私の好きなハリウッドや海外ドラマ界にとって目が離せない状況となっていることがあります、それは、先月から続く全米脚本家組合による大規模なストライキです。

ChatGPTを始めとする生成AIの急速な普及により、脚本家という仕事を奪われかねないという危機感を抱く業界関係者がストライキを始めて既に1か月半が経ちました。


そんな中、ふと思い出しました、そういえば15年前にも大きなストライキがあったなと。そのストライキ、当時、海外ドラマファンだった私にとってはまさに暗黒時代とも呼べる時期でした。なぜなら、ストライキにより新作が全く放送されないという事態が発生したからです。

実はその15年前のストライキによって、影響を受けた作品のひとつが、本日のタイトルにもあります海外ドラマ『LOST』だったのです。

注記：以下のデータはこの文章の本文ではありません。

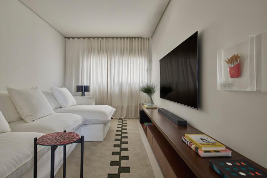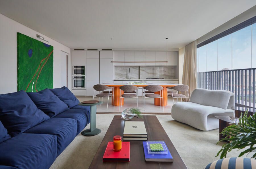 O apartamento no Itaim-Bibi é mais do que um lar; é um espaço vivo, onde a estética clean e cores vibrantes coexistem, onde sofisticação encontra emoção, e onde cada detalhe revela a alegria, a intensidade e a personalidade de quem o habita. Entre hall, sala e quartos, é na sala de estar que essa singularidade se revela plenamente, ampla, acolhedora e repleta de peças que fazem do cotidiano uma experiência estética e sensorial única.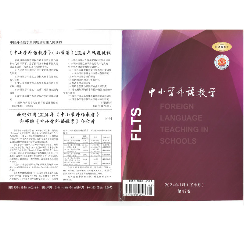 《中小学外语教学》(下半月·小学篇)是一本专注于小学英语教学研究与实践的专业期刊,自2026年1月起订,全年共12期。该刊紧密围绕新课标理念,聚焦小学英语课堂教学改革、教材分析、教法创新及核心素养培养,汇聚一线教师优秀课例与教研成果,提供前沿教学理论与实用教学策略。内容涵盖听说读写技能训练、跨学科融合、信息技术应用及评价方式探索,助力教师提升专业能力。适合小学英语教师、教研员及师范院校师生订阅,是推动小学英语教育高质量发展的重要学术平台与实践指南。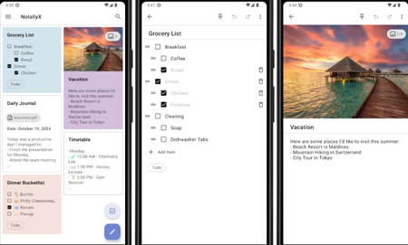 NotallyX不仅简洁,更具备专业级笔记能力。它支持创建包含粗体、斜体、等宽字体及删除线的富文本注释,并可嵌入任务列表与子任务,帮助你高效管理待办事项。你还能为笔记添加图片、PDF等任意类型文件,使其内容更加丰富立体。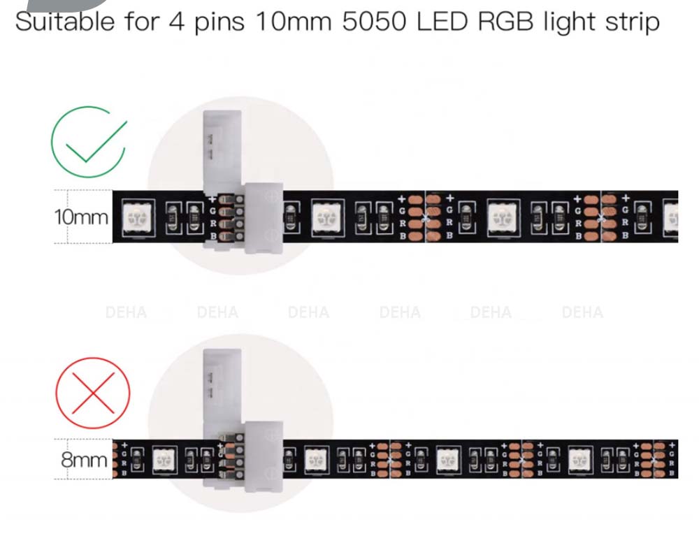 ✨Đầu nối chữ thập, chữ X, dấu cộng + 4 chân cho led dây dán 5050, 2835, 3528 RGB đổi màu connector 4P pin 10 mm trang trí dán tường thạch cao, cây máy tính, màn hình, ti vi, TV, Gaming, Tiktok dán tường, chống nước bền đẹp- Chính hãng DEHA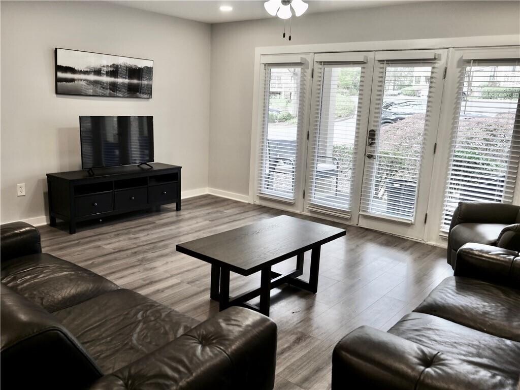 WELCOME HOME TO THIS CHARMING,TERRACE LEVEL END UNIT,nestled in the quiet,GATED COMMMUNITY of The Park at Ashford. The unit is COMPLETELY RENOVATED with LVP FLOORING AND FRESH PAINT THROUGHOUT,UPDATED FIXTURES AND LIGHTING,ELEGANT PENDANT LIGHTING OVER THE EXTENDED QUARTZ ISLAND WITH SEATING FOR FOUR,STAINLESS APPLIANCES,RECESSED CAN LIGHTING,NEW STACKABLE WASHER AND DRYER,NEW BATHROOM VANITY AND SUBWAY TILE IN BATH,AND SO MUCH MORE! Enjoy the pool,outdoor grills,neighborhood pond and dog park. Just next door is BLACKBURN PARK AND THE YMCA. A few miles down is EASY ACCESS TO I-285 and loads of RESTAURANTS AND SHOPPING AT PERIMETER MALL. Close proximity to public and private schools,hospitals,and easy access to PUBLIC TRANSPORTATION all round out this serene place! . Application furnished upon request from listing agent/property management company. Zillow apps accepted. PLEASE REVIEW QUALIFICATIONS BEFORE REQUESTING A TOUR: 605+ CREDIT SCORE,TAKE HOME INCOME 2.5 TIMES THE RENTAL AMOUNT,NO EVICTIONS,CLEAR BACKGROUND CHECK,PROOF OF STEADY INCOME REQUIRED.

この『LOST』は世界中で社会現象となるまでの人気が高い海外ドラマでしたので、ストライキによる制作中断はファンにとっては忘れられない”黒い思い出”となっていることでしょう。

そんな『LOST』ですが、全くの予測不能なストーリー、謎が謎を呼ぶ展開だけでなく、4つの時間軸が入り乱れる世界観が描かれるという、まさに”カオス”的な海外ドラマでした。


そこで私は思いました。
今回のストライキで注目されている“AI脚本家”に、あの『LOST』のような作品を描くことができるのだろうか?と。


伝説的な海外ドラマ『LOST』


『LOST』は、『スター・ウォーズ/フォースの覚醒』『スター・ウォーズ/スカイウォーカーの夜明け』を監督したことで有名なJ・J・エイブラムスさんが監督をした作品で、2004年9月から2010年5月までシーズン1~6までの全121話が放送された海外ドラマです。

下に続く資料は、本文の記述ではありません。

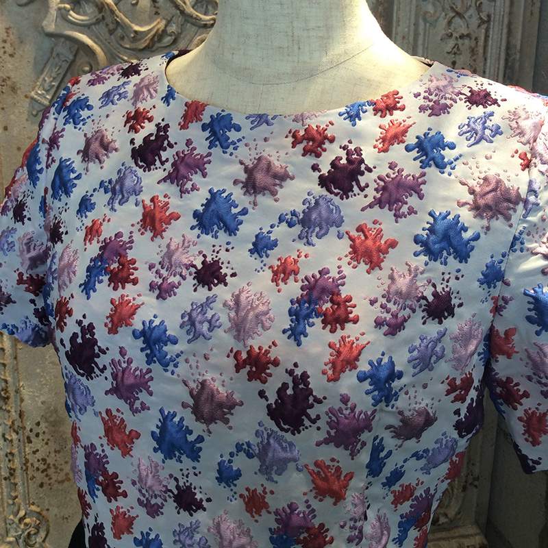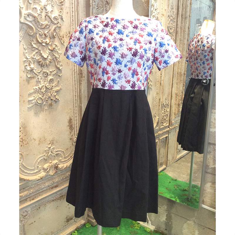 絵の具のパレットのような鮮やかな柄物のフクレ織り素材が特徴のコンビネーションワンピースです。

エミー賞やゴールデングローブ賞をはじめとする各賞を受賞した『LOST』、世界中で熱狂的なファンが存在していて、彼らのことを通称ロスティ(Lostie)と呼ばれていました。

私も”なんちゃってロスティ”として、毎週のように放送終了後は色々なサイトに飛びながらエピソード考察や仮説で盛り上がっていました。

毎週のように盛り上がる理由は、ストーリーの謎が謎を呼ぶ展開、謎がめちゃくちゃ多い海外ドラマとしてギネスにも乗るんじゃないかと思うほどでした。


しかも、描かれている時間軸は4つ!!!

『LOST』の時間軸
①現在
②過去(フラッシュバック)
③近未来(フラッシュフォワード)
④もうひとつの世界(フラッシュ・サイドウェイ)

④の”もうひとつの世界”は今でもちゃんと解明されていない謎となっております。


放送から20年後に検証映画が作成される


なんとLOSTが放送された日から20年目となる2024年にドキュメンタリー映画『Getting Lost(原題)』が公開されることが発表されました。

エピソード考察だけでなく物議を醸したシリーズ最終話への反響など、あらゆる側面を取り上げる映画が20年目に作成されるということからもお分かりいただける通り、今でも熱狂的ファンが多い海外ドラマなのです。


「“AI脚本家”に揺れるハリウッド」


次は、ハリウッドで先月から続く大規模なストライキで「AI脚本家」をめぐる交渉のゆくえについてご紹介します。

このストライキにより映画や海外ドラマの作品作成への影響も出始めているのも事実ですが、ストライキは開始から1か月半が経った今でも終わりは見えていません。長期化するという予測です。

脚本家にとってはこの問題は死活問題で簡単には妥協はできないと考えられているためです。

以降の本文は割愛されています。